Pour répondre à cette carence, 123 nouveaux postes budgétaires ont été créés entre 2024 et 2025, dont 34 pour les psychiatres et 89 pour les infirmiers spécialisés. Mais au-delà du recrutement, le ministère mise sur une réforme structurelle de la formation. Il prévoit d’augmenter les capacités des Instituts supérieurs des professions infirmières et techniques de santé (ISPITS) et de renforcer les passerelles avec les Universités afin de développer la recherche appliquée en santé mentale.

Le Plan stratégique national multisectoriel de santé mentale 2030 prévoit une restructuration complète de l’offre de soins psychiatriques : généralisation des services spécialisés dans les hôpitaux publics, création d’unités de consultation externe, déploiement d’équipes mobiles pour les urgences psychosociales, et mise en place de dispositifs de réhabilitation sociale.

Ces actions s’accompagneront d’une actualisation des protocoles thérapeutiques et d’une adaptation aux réalités épidémiologiques du pays. Surtout, le ministère entend revoir le cadre législatif relatif à la santé mentale, afin d’encadrer l’hospitalisation, garantir les droits des patients et intégrer les standards internationaux en matière de respect de la dignité humaine.
 

Tripler le personnel soignant d’ici 2030
 
En parallèle, la réforme de la ressource humaine dans le secteur de la santé s’impose comme une priorité transversale. Objectif annoncé par le ministre : passer de 17,4 à 45 professionnels de santé pour 10.000 habitants d’ici 2030, en conformité avec les recommandations de l’OMS. Pour y parvenir, le Maroc s’appuie sur un accord-cadre signé en 2022 avec le ministère de l’Enseignement supérieur et celui de l’Économie, soutenu par une enveloppe de plus de 3 milliards de dirhams.
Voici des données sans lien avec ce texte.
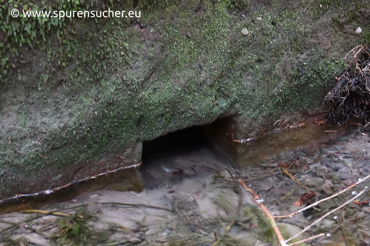 Wir haben uns eine ganze Weile dort aufgehalten, diese Quelle ist wirklich interessant. Das Wasser entweicht einem Auslass in der Seitenwand und folgt anschließend einem Bachverlauf. Am Seitenauslass selbst ist praktisch überhaupt keine Fließgeschwindigkeit zu spüren oder zu beobachten. Erst, wenn man ein paar Meter dem Bächlein folgt, erkennt man eine geringfügige Strömung, die das Wasser in Bewegung hält. Ansonsten könnte man glatt mutmaßen, die Quelle sei längst versiegt. Trotz optisch stehendem Gewässer ist also hier noch reichlich aktiv.

Entre 2022 et 2024, le nombre de places en licence des professions de santé a bondi de 206%, atteignant 8.360, avec un objectif de 11.900 en 2029. Le cycle de master, quant à lui, a progressé de 353%, totalisant 680 places.

Le maillage territorial de la formation a été renforcé par l’ouverture de nouveaux ISPITS à Tanger, Guelmim, Dakhla et Zagora, et par la création de trois Facultés de médecine à Errachidia, Béni Mellal et Guelmim, couplées à trois CHU régionaux, qui contribueront à la formation et à la prestation de soins de proximité.
 

Une répartition équitable et ciblée des effectifs
 
Le nombre de postes budgétaires alloués aux cadres de santé est passé de 4.000 en 2019 à 6.500 prévus pour 2025, dont 60% pour les infirmiers et techniciens. Une gouvernance régionale a été instaurée : depuis 2020, les directions régionales peuvent organiser leurs propres concours de recrutement, garantissant une meilleure réactivité aux besoins locaux.
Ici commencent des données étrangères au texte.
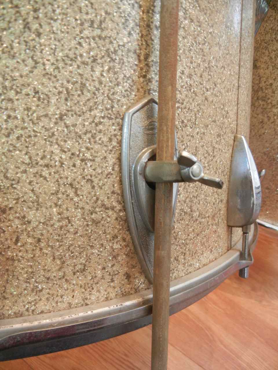 I found a few small spots on the bass drum edges of, what I believe to be, the original color. It appears to be Gold Sparkle. I still find it very strange that there is none of the original color left under the lugs, brackets and mounts. (see picture)

En termes de déploiement, 1.837 nouveaux médecins spécialistes auront été affectés entre 2022 et 2025. En 2025 seulement, 446 médecins rejoindront le système, suivis de 566 autres répartis dans des zones à forte pénurie comme Al Hoceïma, Azilal, Boujdour et Tinghir.

Le chantier de la généralisation de la couverture maladie avance. Fin 2024, 88% de la population marocaine bénéficie d’un régime d’assurance maladie, notamment grâce à l’affiliation de 3,8 millions de travailleurs indépendants à la CNSS. Une campagne nationale a accompagné cette dynamique, axée sur la sensibilisation à l’adhésion et au paiement régulier des cotisations.
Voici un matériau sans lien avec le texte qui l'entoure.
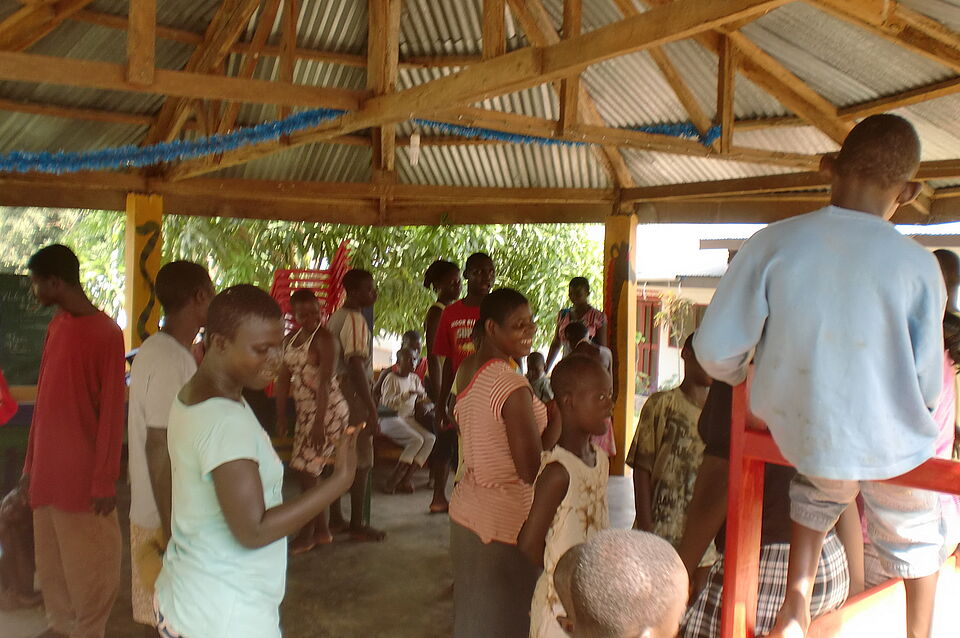Nach 12 Stunden Reisezeit erreichten wir dann verschwitzt, müde und klebrig von der Aktion mit dem Brei, Nkoranza. Tettey war in den letzten Stunden zunehmend knatschig und verstimmt gewesen, was ich ihm nach dieser “Mammutreise” auch nicht verübeln konnte. Die Fahrt hatte uns allen übel mitgespielt. Die allgemeine Stimmung war auf dem Tiefpunkt. Das änderte sich jedoch schlagartig, als wir das Gelände der „Hand in Hand Community“ erreichten. Dort wurden wir bereits erwartet und vom Communityleiter Albert herzlichst willkommen geheißen.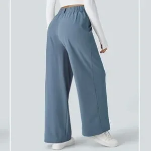 Halara Flex High Waisted Pocket Wide Leg Waffle Work Pant Pants Smokey Blue Gray Pull On Flat Front Elastic Back Waistband with Belt Loops Front Pleats Relaxed Fit Side Pockets High Waisted Wide Leg Stretch Office Career Casual Preppy

Mais pour garantir la durabilité de cette couverture, le ministre insiste sur la nécessité de restaurer la confiance dans les services publics, améliorer la qualité des soins et assurer un financement pérenne, reposant à la fois sur les cotisations et sur la solidarité nationale à travers la prise en charge des populations vulnérables.

Le ministère mise enfin sur la création de groupements sanitaires territoriaux, véritables structures déconcentrées chargées de coordonner les politiques de santé au niveau régional. Une nouvelle cartographie sanitaire est en cours d’élaboration, fondée sur les besoins spécifiques de chaque région et destinée à rationaliser la distribution des équipements, du personnel et des services.